# What you have to do:
The whole listing, pictures aside, should be reproduced exactly.

# Given data:
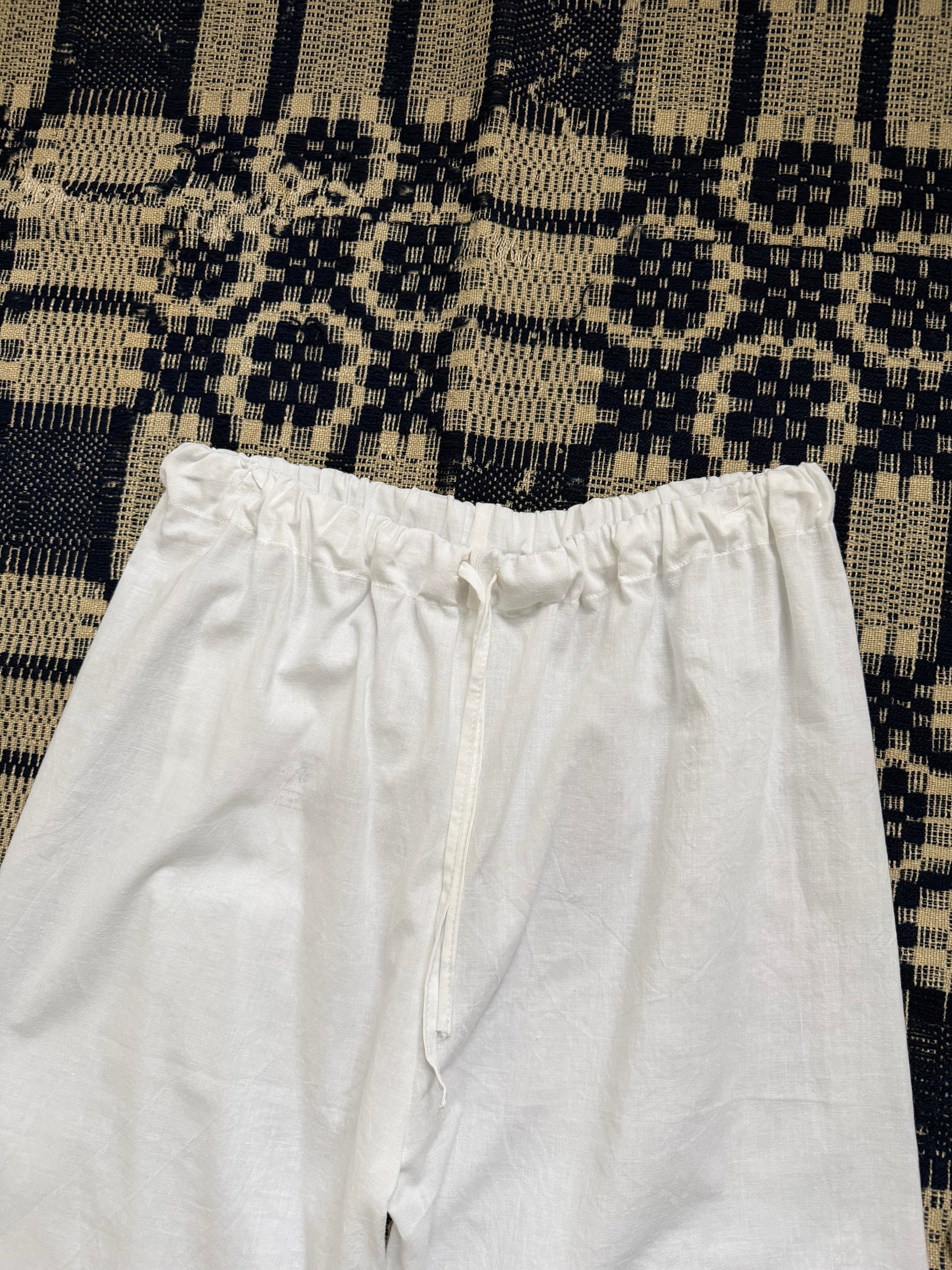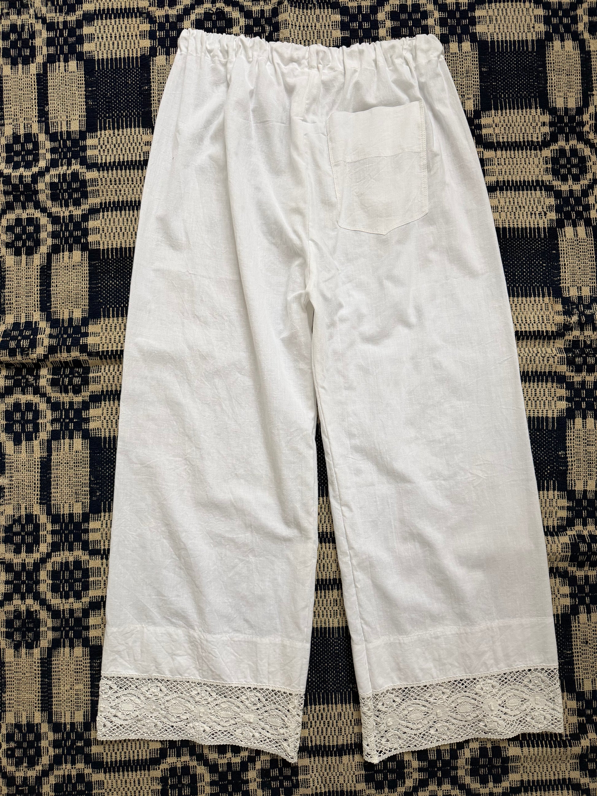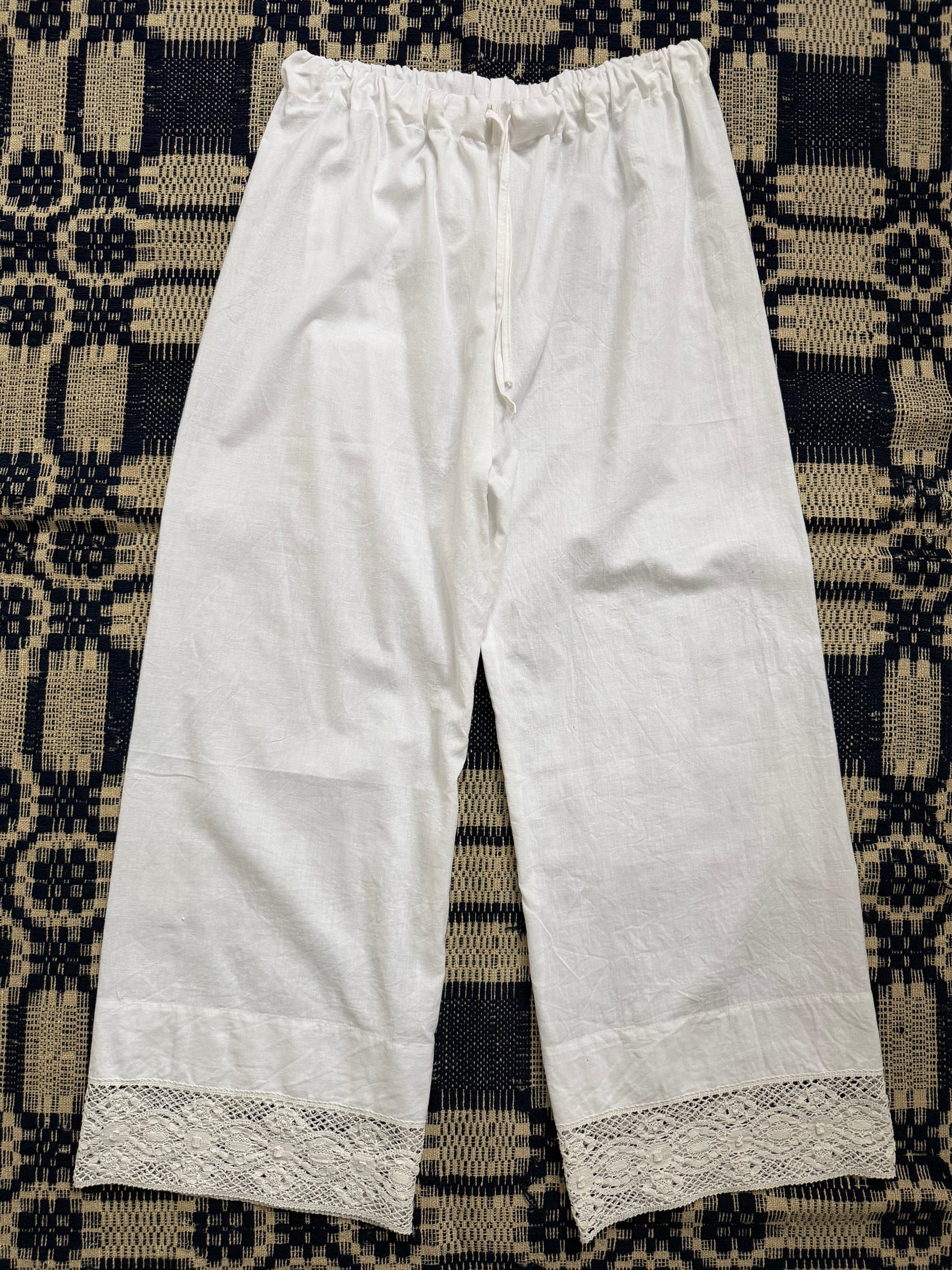 Handmade, one of a kind bloomer style pants made from vintage cotton bed sheet with crochet details. Have an elastic waistband with drawstring, can fit up to a size large.
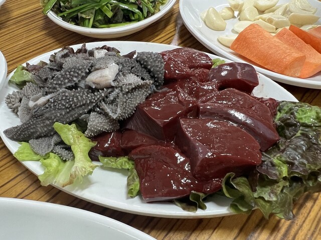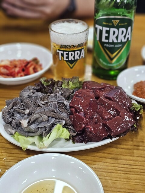 • 백제정육점 - レバ刺し&センマイ刺し盛り
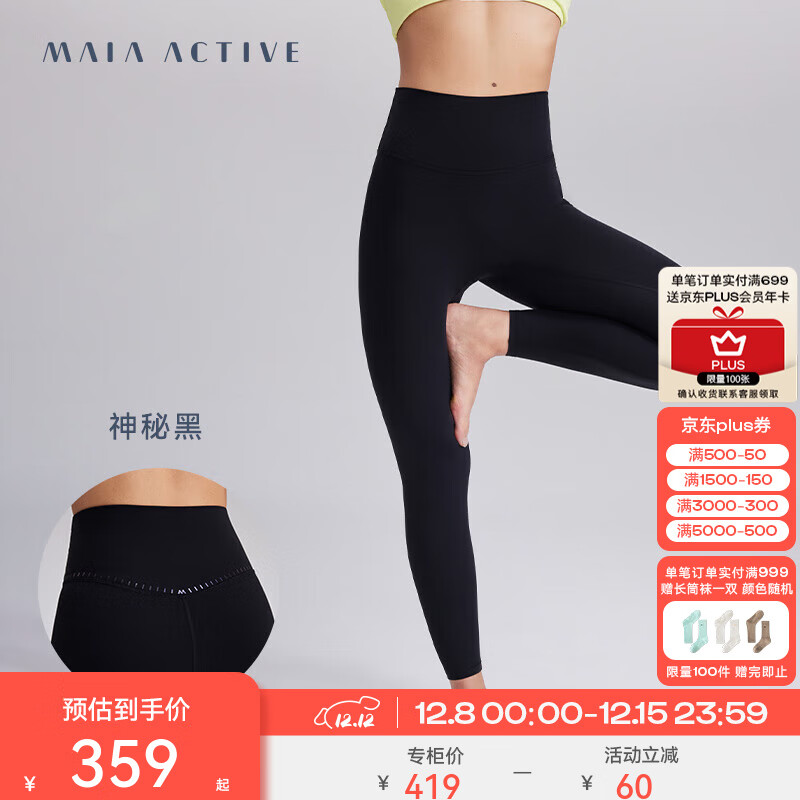 MAIA ACTIVE云感裤紧致版瑜伽裤9分高腰无外缝线尴尬线运动健身裤紧身长裤女 神秘黑-无缝9分(三角裆) M
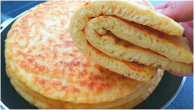 Teig in 4 gleichgroße Stücke teilen und auf bemehlter Arbeitsfläche dünn ausrollen. Etwas Öl in einer Pfanne erhitzen und das Pfannenbrot von jeder Seite 1 bis 2 Minuten braten. Wenn sich Teigblasen bilden, ist es Zeit, das Brot zu wenden.

# Final answer:
 Handmade, one of a kind bloomer style pants made from vintage cotton bed sheet with crochet details. Have an elastic waistband with drawstring, can fit up to a size large.
 • 백제정육점 - レバ刺し&センマイ刺し盛り
 MAIA ACTIVE云感裤紧致版瑜伽裤9分高腰无外缝线尴尬线运动健身裤紧身长裤女 神秘黑-无缝9分(三角裆) M
 Teig in 4 gleichgroße Stücke teilen und auf bemehlter Arbeitsfläche dünn ausrollen. Etwas Öl in einer Pfanne erhitzen und das Pfannenbrot von jeder Seite 1 bis 2 Minuten braten. Wenn sich Teigblasen bilden, ist es Zeit, das Brot zu wenden.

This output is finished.